▸ **ASSIGNED TASK**
Leaving pictures aside, set down each line exactly, from the first line of the data to the line with "A whimsical scene", both included.

▸ **COLLECTED MATERIAL**
__________________________________________________
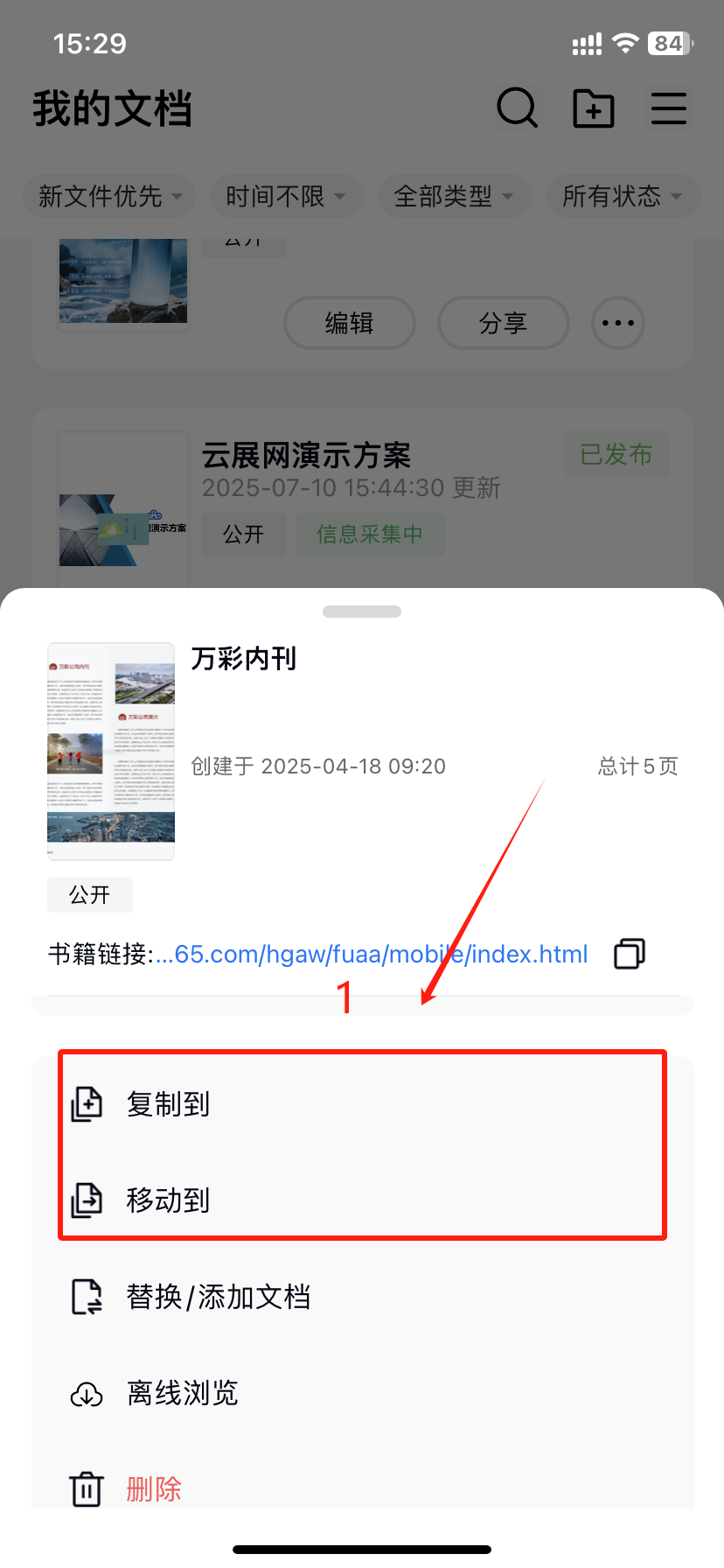 在【作品】頁(yè)面,找到需要復(fù)制/移動(dòng)的書(shū)本,點(diǎn)擊三個(gè)點(diǎn)【…】打開(kāi)
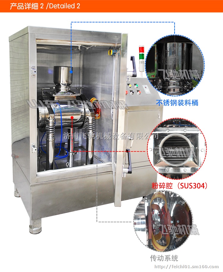 2、洁净卫生:内外面平滑、一机多用、减少污染、减轻洗净作业负担;粉碎过程全密闭无粉尘溢出,充分改善作业环境,有效成份不损失。
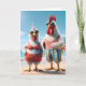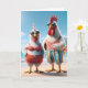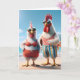 A whimsical scene shows two anthropomorphic chickens dressed in beachwear and sunglasses on the beach
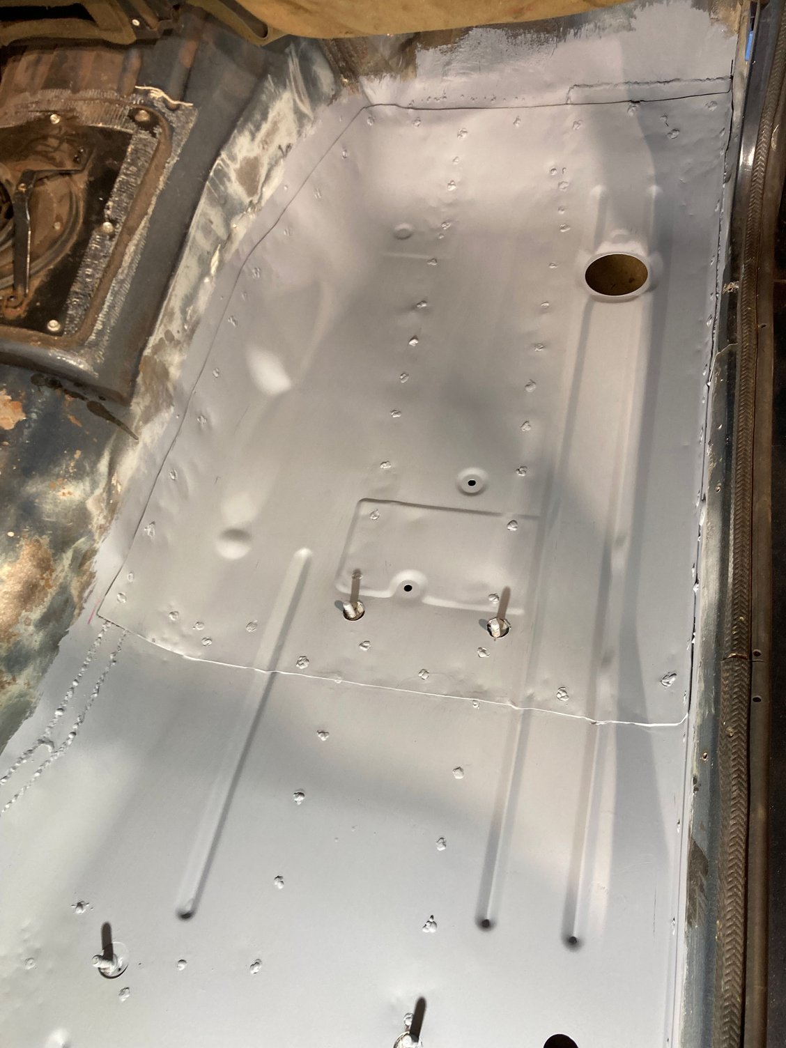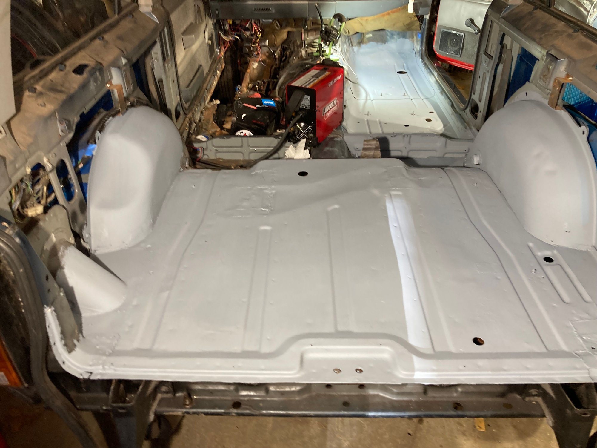 Unibody was perfect. I cleaned it up, painted, and weld-thru primer on the flanges. I also sprayed fluid film inside. I made a piece for behind the rear seat bracket since the C2C fab pan didn't go that far.
__________________________________________________
▸ **OUTPUT OF THE TASK**
 在【作品】頁(yè)面,找到需要復(fù)制/移動(dòng)的書(shū)本,點(diǎn)擊三個(gè)點(diǎn)【…】打開(kāi)
 2、洁净卫生:内外面平滑、一机多用、减少污染、减轻洗净作业负担;粉碎过程全密闭无粉尘溢出,充分改善作业环境,有效成份不损失。
 A whimsical scene shows two anthropomorphic chickens dressed in beachwear and sunglasses on the beach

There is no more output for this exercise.